Hyperbolic Sine: $\sinh x= \frac{e^{x}- e^{-x}}{2}$

Hyperbolic Cosine: $\cosh x=\frac{e^{x}+e^{-x}}{2}$ $(\sinh x)^{'}= \cosh x$ $(\cosh x)^{'}= \sinh x$

# MA 1506 Tutorials:

Ordinary Differential Equations:

## 1. Newton-Leibniz Formula $y=y(x)$ is a function with one variable $x$ with ordinary differential equation $y^{'}=f(x).$ The solution is $y=\int f(x) dx + C$ with some constant $C$.

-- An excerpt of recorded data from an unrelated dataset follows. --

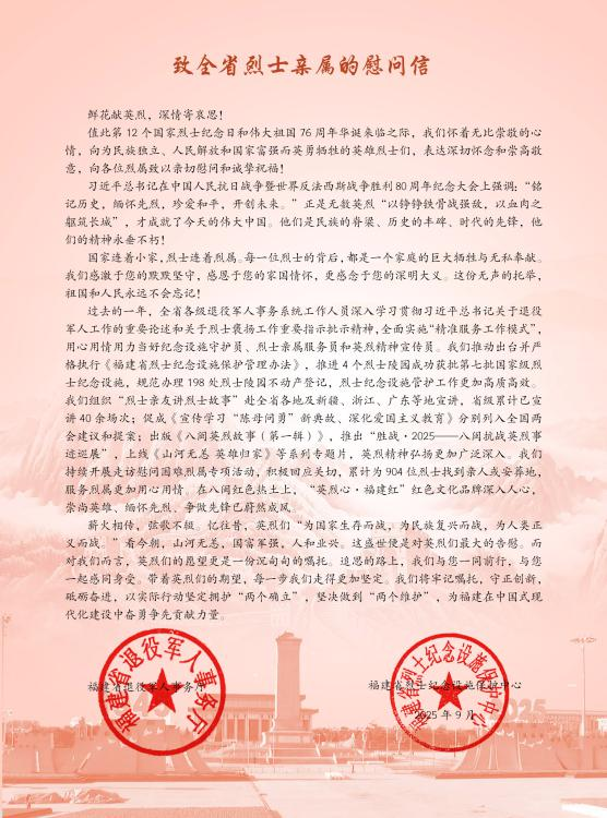 近日,一封饱含尊崇与深情的慰问信,以特快专递或者志愿者上门送达的形式,送到全省烈士亲属的手中。这是省退役军人事务厅在今年“9.30”烈士纪念日和新中国76周年华诞来临之际,连续第3年向全省烈士亲属送上慰问信。
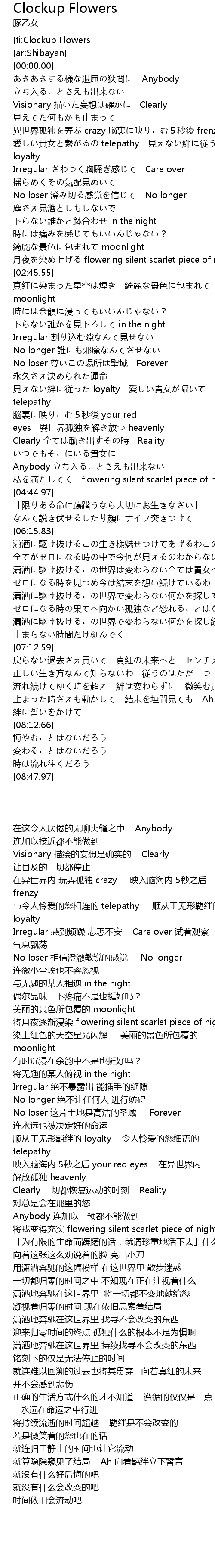 | [04:40.45] | 私を満たしてく flowering silent scarlet piece of night |
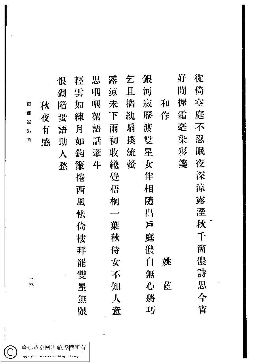 | 原書: 南湘室詩草﹕一卷﹐詩餘﹕一卷(姚倩、姚茞撰) |
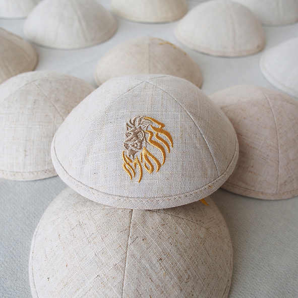 Kippah de lino bordado de color personalizado, Ahava judía, se puede personalizar para bodas y Barbat Mitzvahs, Yarmulke de regalo judío
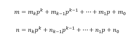 为了表示方便,我们将 n 和 m 分别写为 n = sp + q,m = tp + r。q 和 r 为余数,即 q 和 r 均小于 p。接着我们可以得出(相当于构造):
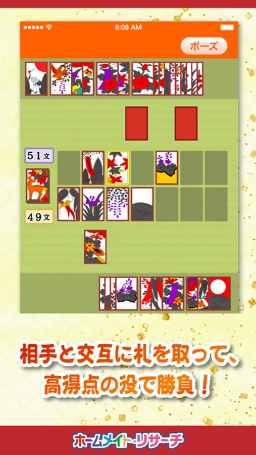 日本で古来より遊ばれている花札を使った伝統的なカードゲーム。

## 2. Separable Equations $y=y(x)$ is a function with one variable $x$ with ordinary differential equation $N(y)y^{'}=M(x),$ where $N(y)$ is a function with one variable $y$ and $M(x)$ is a function with one variable $x.$

The solution is $\int M(x) dx = \int N(y) dy + C$ with some constant $C.$

## 3. One Order Ordinary Differential Equations $y=y(x)$ is a function with one variable $x$ with one order ordinary differential equation $y^{'}+P(x)y=Q(x).$ The integrating factor is $R(x)= exp ( \int P(x) dx).$ That means $d( R(x) y) = R(x) Q(x)$ and take the integration under x at the both sides, $R(x)y=\int R(x)Q(x) dx + C$ for some constant $C.$

Sometimes, we need to make some substitution as $z=y^{2}$ or $z=\frac{1}{y}$, since the following formulas: $2 y y^{'} = (y^{2})^{'},$ $-\frac{y^{'}}{y^{2}} = (\frac{1}{y})^{'}.$

If there is an initial condition $y(0)=A$ for the first order ordinary differential equation $y^{'} + P(x)y=Q(x),$ then we must make use of the initial condition to calculate the constant C after we solved the equation.